What Poland requires

Compliance items with their statutory basis. Stamps mark whether each applies to every business or only above certain thresholds.

  1. Privacy policy (polityka prywatności)

    Art. 13–14 GDPR

    Polish-language privacy notice for consumer services, naming UODO as the complaint authority.

    How to implement Polish consumer protection law (UOKiK) also reviews unfair clauses in policies — keep the language plain and specific about retention.

    Required
  2. Cookie consent banner

    Art. 173 Telecommunications Law

    Opt-in consent for analytics and marketing cookies with prior blocking.

    How to implement Deploy a CMP with a Polish-language banner and a first-layer reject option; UOKiK (the consumer regulator) has also acted against dark-pattern banners.

    Required
  3. Records of processing (ROPA)

    Art. 30 GDPR

    Standard register of processing activities.

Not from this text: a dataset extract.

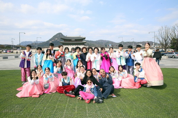 최근 서울 종로구의회 운영위원장 경점순 의원이 한복의 멋을 널리 알리기 위해 ‘한복 사랑 캠페인’을 기획, 청소년들과 함께 인사동과 경복궁 일대를 걸으며 한복의 우수성과 아름다움에 대해 홍보를 실시했다. 사진은 한복을 입은 경점순 의원과 청소년들이 광화문 광장에서 외국인들과 함께 기념촬영을 하고있는 모습.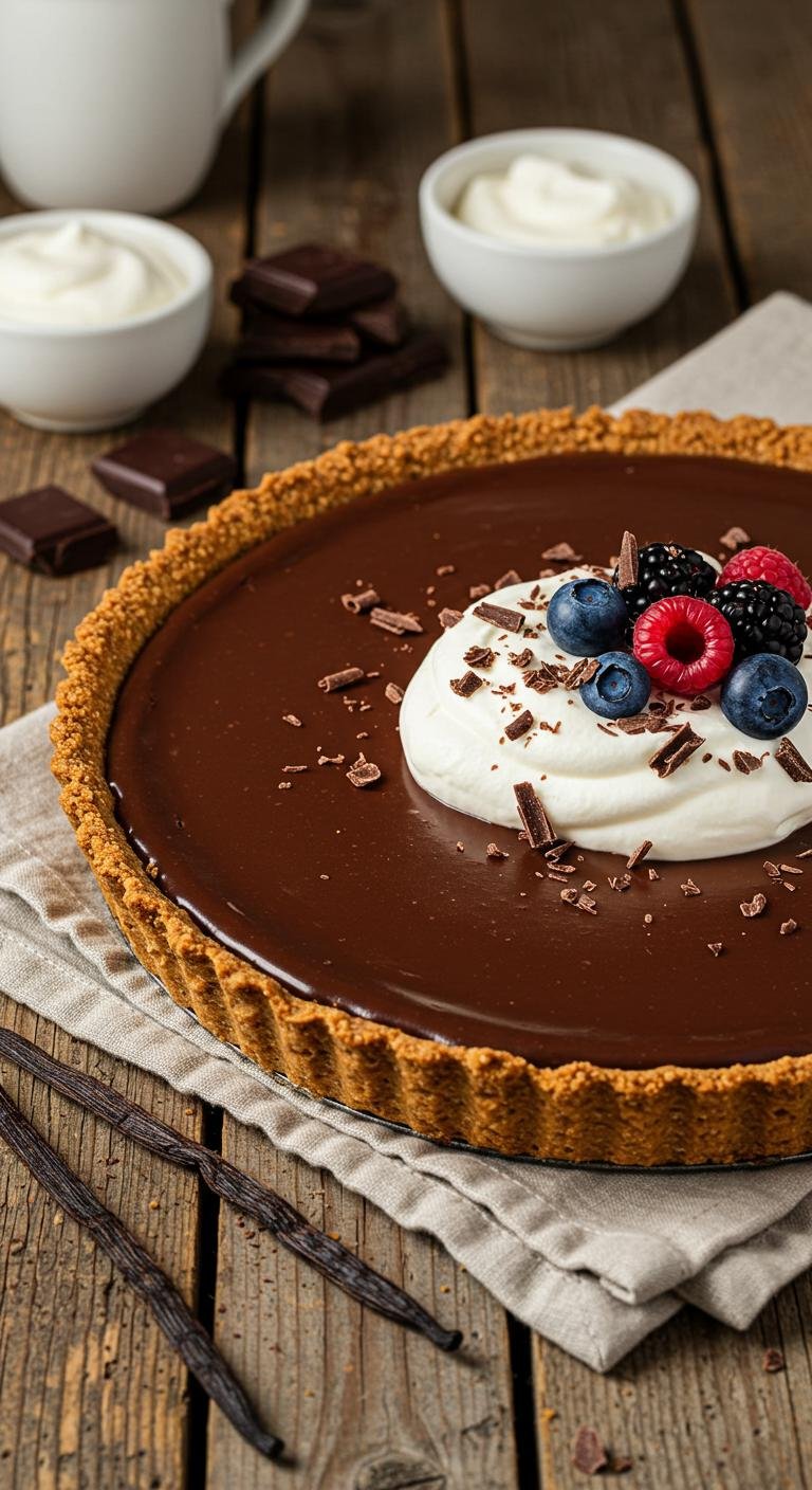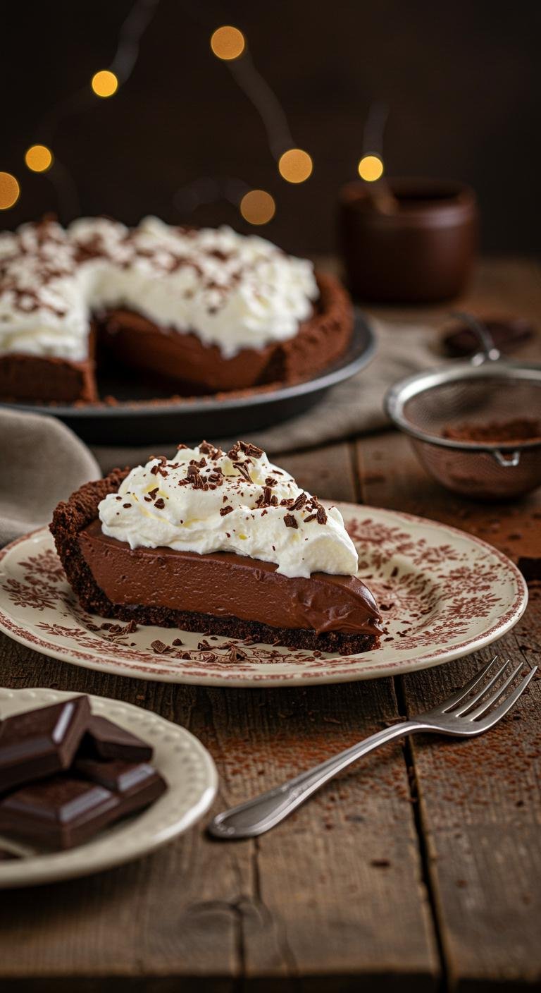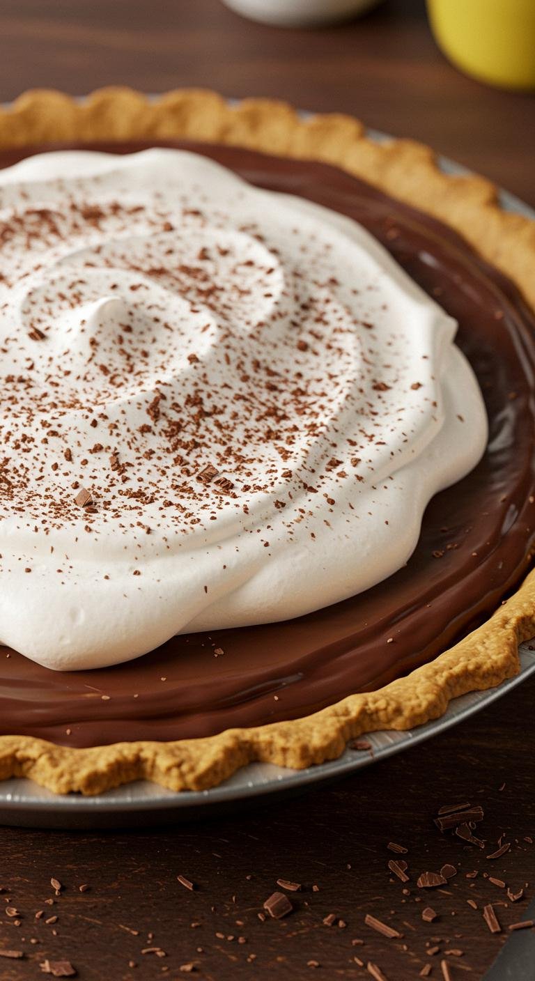 Silky, old-school chocolate cream pie — rich, creamy, and comfortingly nostalgic.

    How to implement Keep it current; UODO inspections start with the ROPA and your security-measures documentation.

    Required
  4. Data protection officer (IOD)

    Art. 37 GDPR + Polish DPA Act

    GDPR-baseline thresholds; appointment must be notified to UODO within 14 days of designation.

    How to implement Notify electronically via ePUAP and publish the IOD's contact details on your website — Polish law requires the name to be publicly available.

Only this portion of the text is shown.